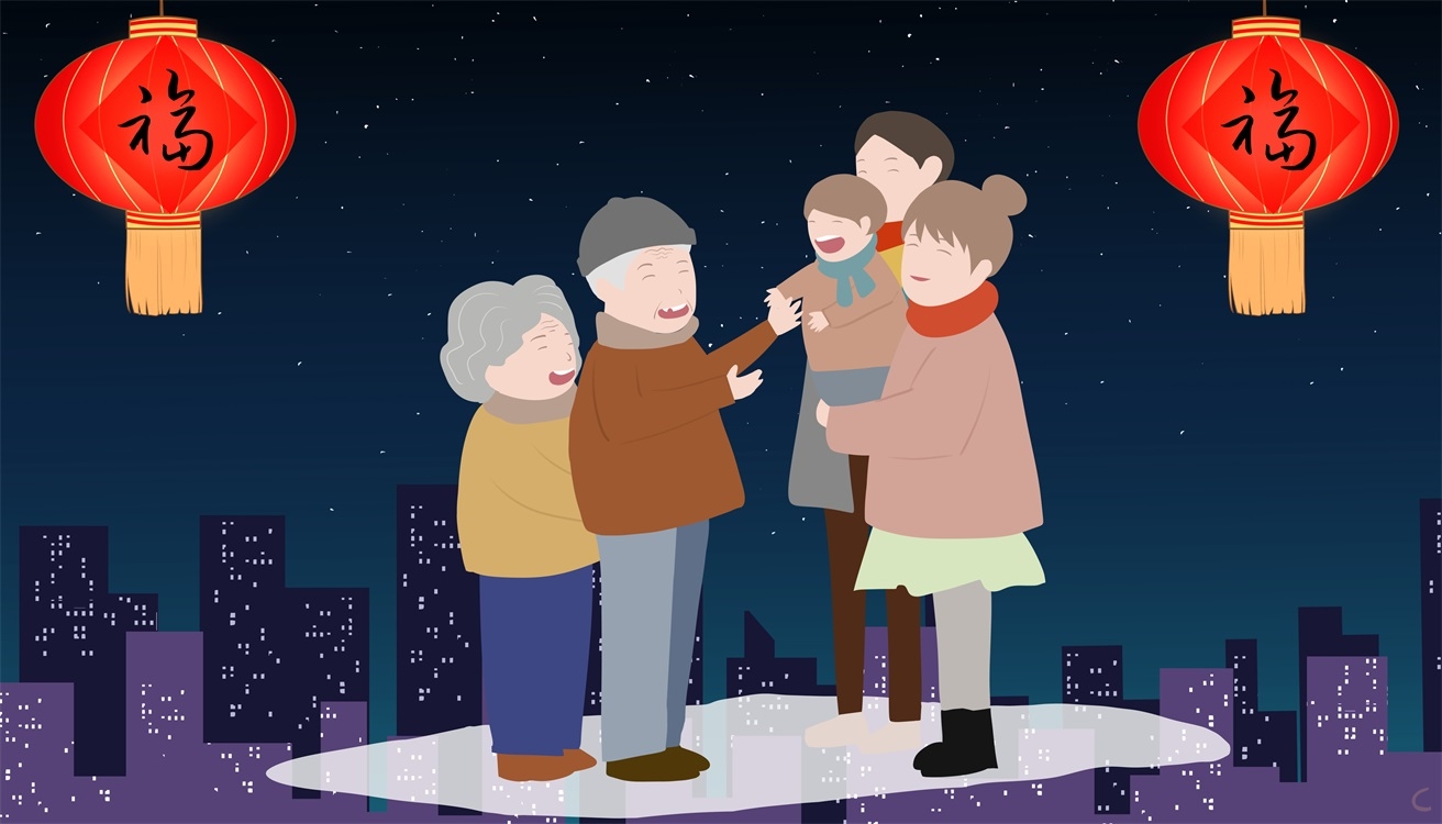 欢声笑语贺新春 欢聚一堂迎新年 横批:合家欢乐
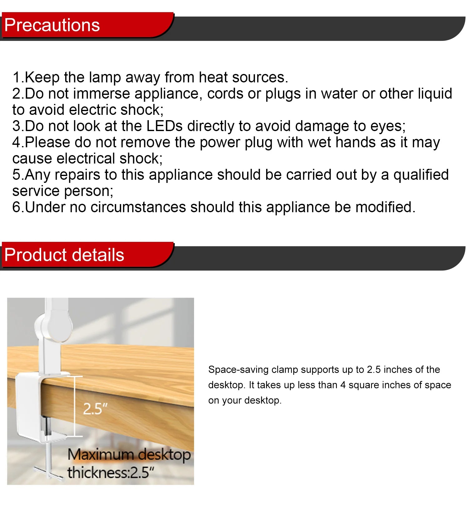 | Packing | 1 x Led Desk Lamp/ 1 x DC Driver / 1 x Guide Instruction |
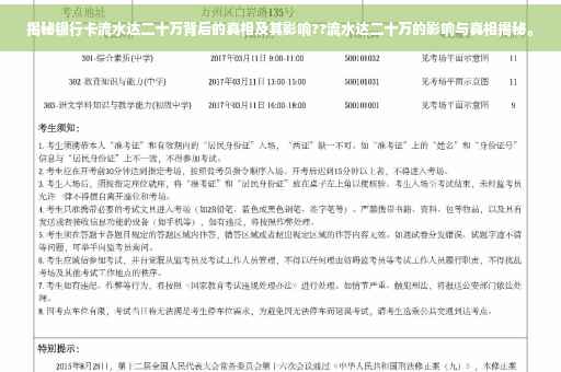 银行卡流水达二十万背后隐藏着合法收入和金融交易活跃度的真相,了解这一真相并合理规划,可以更好地管理个人财务状况,希望本文能为你揭开这一话题的神秘面纱。
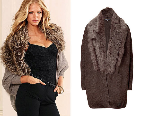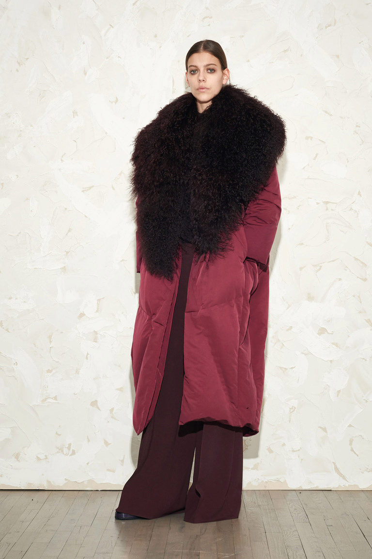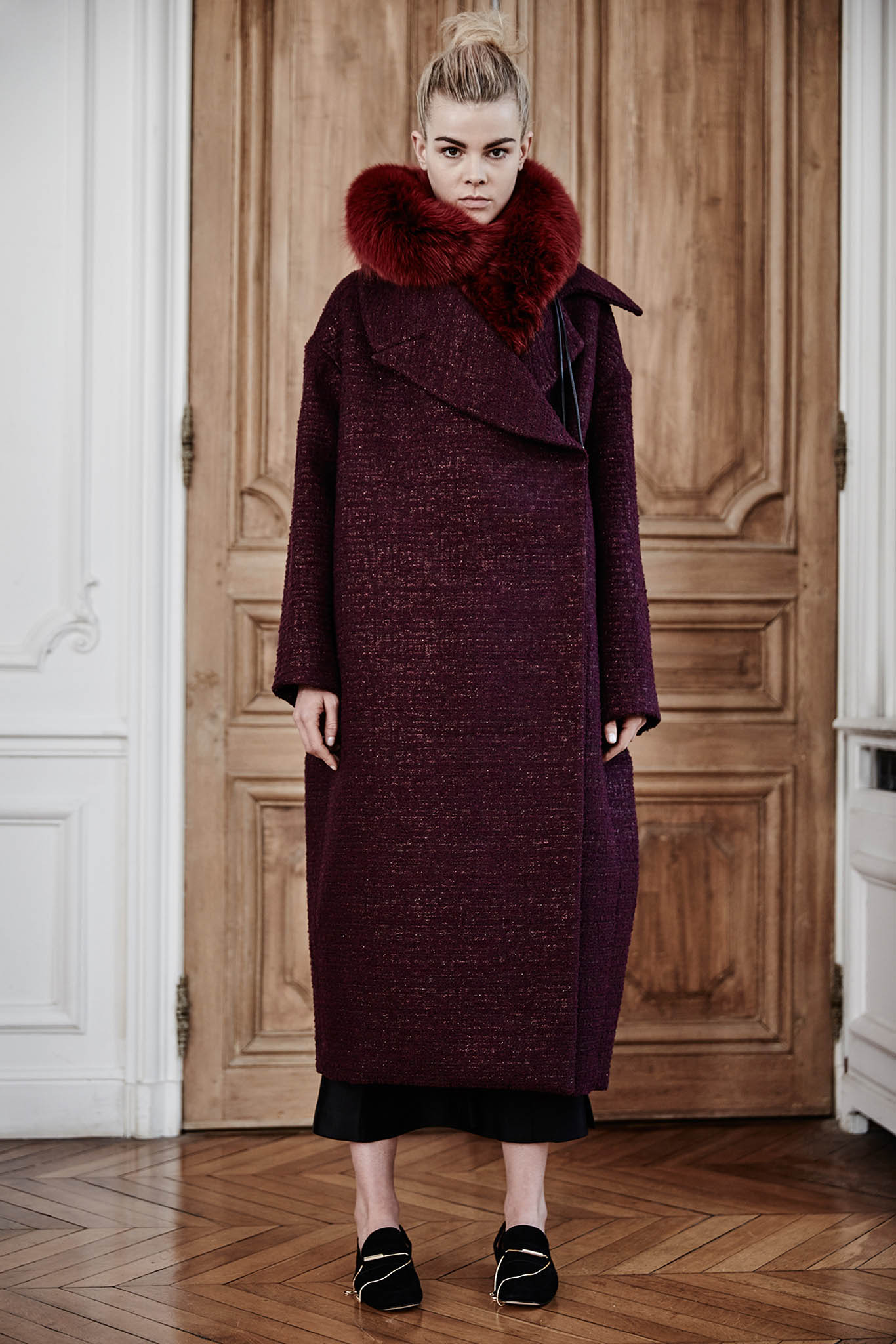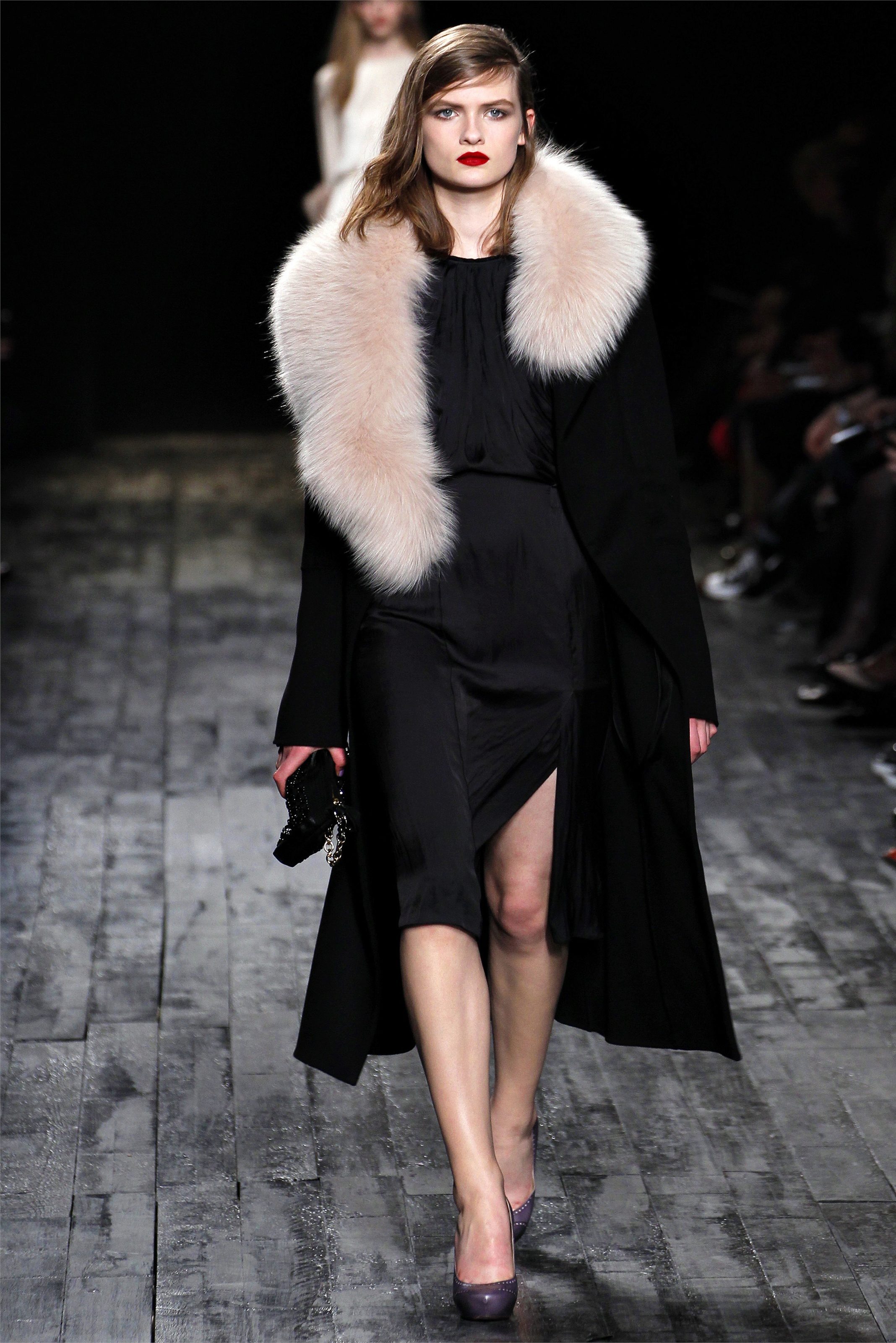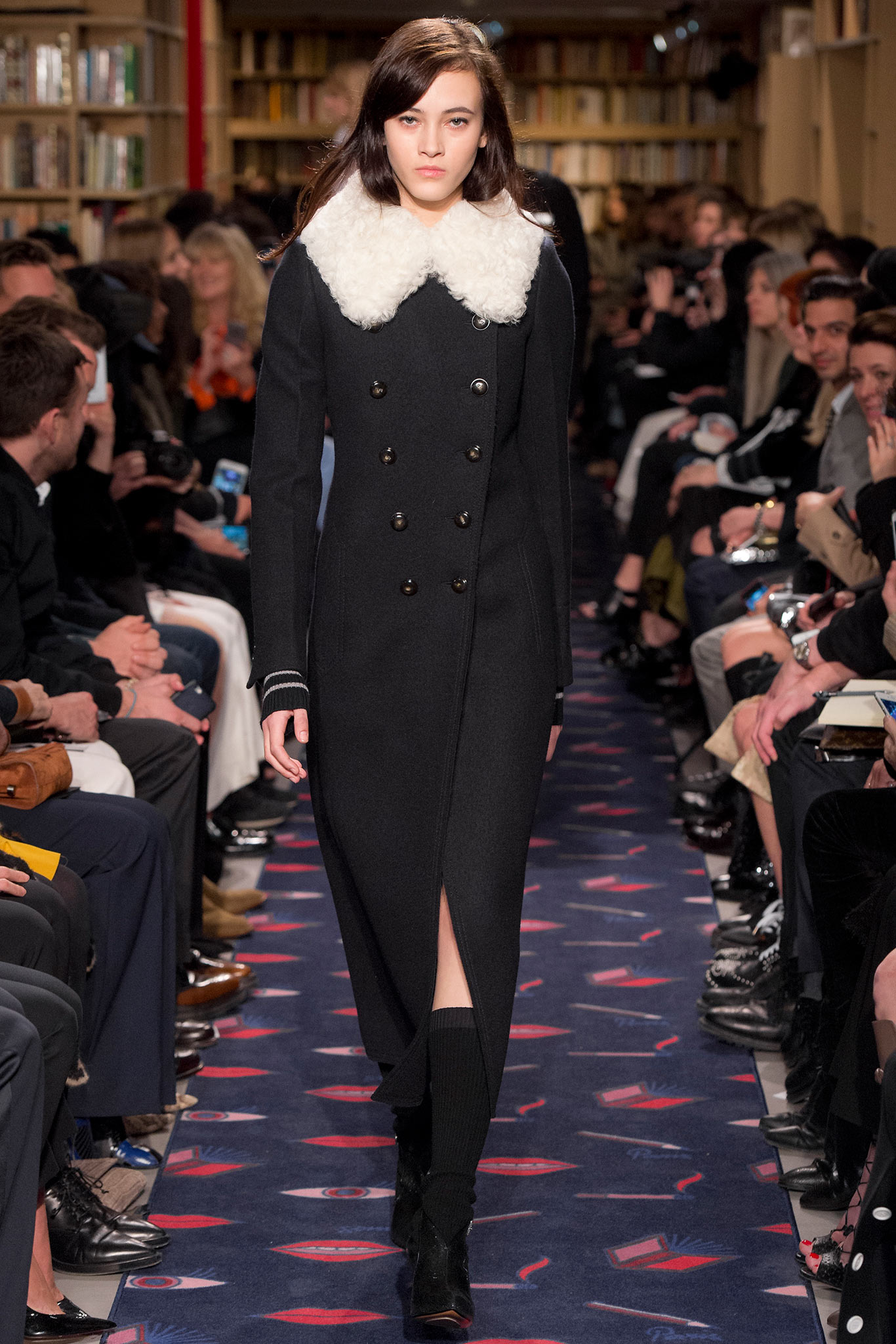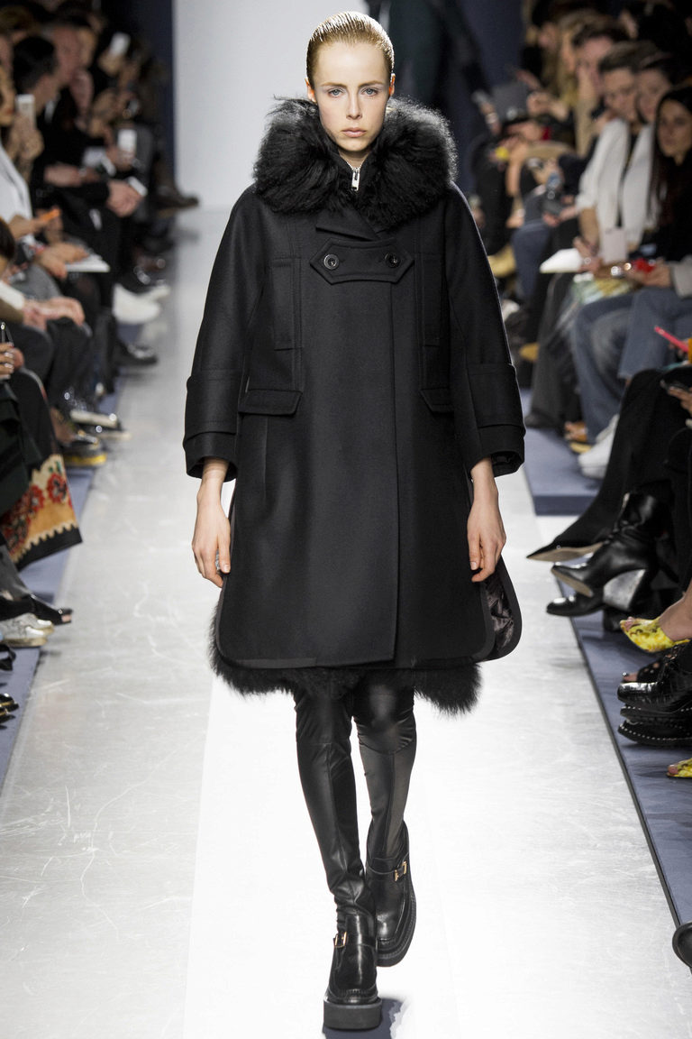 - A slouchy black coat by Sonia Rykiel with a white fluffy collar is a pleasing look.

§ Work to complete
Could you reproduce all of the data above exactly and skip any image?

§ Exercise response
 欢声笑语贺新春 欢聚一堂迎新年 横批:合家欢乐
 | Packing | 1 x Led Desk Lamp/ 1 x DC Driver / 1 x Guide Instruction |
 银行卡流水达二十万背后隐藏着合法收入和金融交易活跃度的真相,了解这一真相并合理规划,可以更好地管理个人财务状况,希望本文能为你揭开这一话题的神秘面纱。
 - A slouchy black coat by Sonia Rykiel with a white fluffy collar is a pleasing look.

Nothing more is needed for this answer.